There’s an increasing chasm dividing the modern web. On one side, the 
commercial, monopolies-riddled, media-adored web. A web which has only 
one objective: making us click. It measures clicks optimise clicks, 
generates clicks. It gathers as much information as it could about us 
and spams every second of our life with ads, beep, notifications, 
vibrations, blinking LEDs, background music and fluorescent titles.

A web which boils down to Idiocracy in a Blade Runner landscape, a 
complete cyberpunk dystopia.

Then there’s the tech-savvy web. People who install adblockers or 
alternative browsers. People who try alternative networks such as 
Mastodon or, God forbid, Gemini. People who poke fun at the modern web 
by building true HTML and JavaScript-less pages.

Between those two extremes, the gap is widening. You have to choose your 
camp. When browsing on the "normal web", it is increasingly required to 
disable at least part of your antifeatures-blockers to access content.

Most of the time, I don’t bother anymore. The link I clicked doesn’t 
open or is wrangled? Yep, I’m probably blocking some important third- 
party JavaScript. No, I don’t care. I’ve too much to read on a day 
anyway. More time for something else. I’m currently using kagi.com as my 
main search engine on the web. And kagi.com comes with a nice feature, a 
"non-commercial lens" (which is somewhat ironic given the fact that Kagi 
is, itself, a commercial search engine). It means it will try to 
deprioritize highly commercial contents. I can also deprioritize 
manually some domains. Like facebook.com or linkedin.com. If your post 
there, I’m less likely to read you. I’ve not even talked about the few 
times I use marginalia.nu.

Something strange is happening: it’s not only a part of the web which is 
disappearing for me. As I’m blocking completely google analytics, every 
Facebook domain and any analytics I can, I’m also disappearing for them. 
I don’t see them and they don’t see me!

Think about it! That whole "MBA, designers and marketers web" is now 
optimised thanks to analytics describing people who don’t block 
analytics (and bots pretending to be those people). Each day, I feel 
more disconnected from that part of the web.

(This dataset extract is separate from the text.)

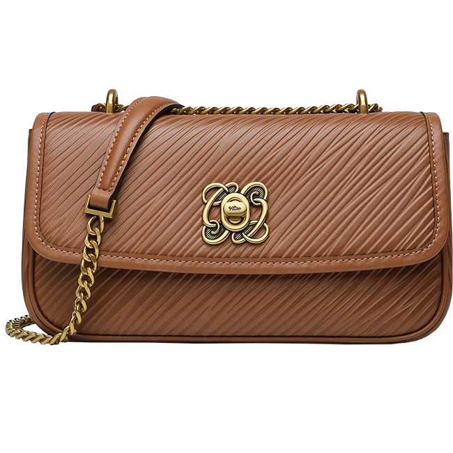 金利来 女包单肩包牛皮水波纹雕花锁扣女士链条斜挎腋下包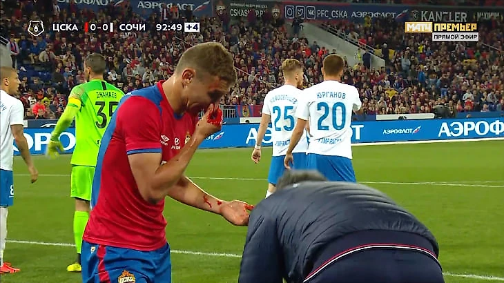 ЦСКА и «Сочи» сыграли 0:0 и после матча у армейцев были претензии к судье Виталию Мешкову. Во-первых, за грубый фол, после которого с поля ушел Арнор Сигурдссон (не сыграл и полчаса), во-вторых – за то, что Иван Миладинович на 93-й минуте ударил Федора Чалова по лицу рукой в штрафной и разбил тому лицо. VAR на этой игре не было.

When really needed, dealing with those websites is so nerve breaking 
that I often resort to… a phone call or a simple email. I signed my 
mobile phone contract by exchanging emails with a real person because 
the signup was not working. I phone to book hotels when it is not 
straightforward to do it in the web interface or if creating an account 
is required. I hate talking on the phone but it saves me a lot of time 
and stress. I also walk or cycle to stores instead of ordering online. 
Which allows me to get advice and to exchange defective  items without 
dealing with the post office.

Despite breaking up with what seems to be "The Web", I’ve never received 
so many emails commenting my blog posts. I rarely had as many 
interesting online conversations as I have on Mastodon. I’ve tenth of 
really insightful contents to read every day in my RSS feeds, on Gemini, 
on Hacker News, on Mastodon. And, incredibly, a lot of them are on very 
minimalists and usable blogs. The funny thing is that when non-tech 
users see my blog or those I’m reading, they spontaneously tell me how 
beautiful and usable they are. It’s a bit like all those layers of 
JavaScript and flashy css have been used against usability, against 
them. Against us. It’s a bit like real users never cared about "cool 
designs" and only wanted something simple.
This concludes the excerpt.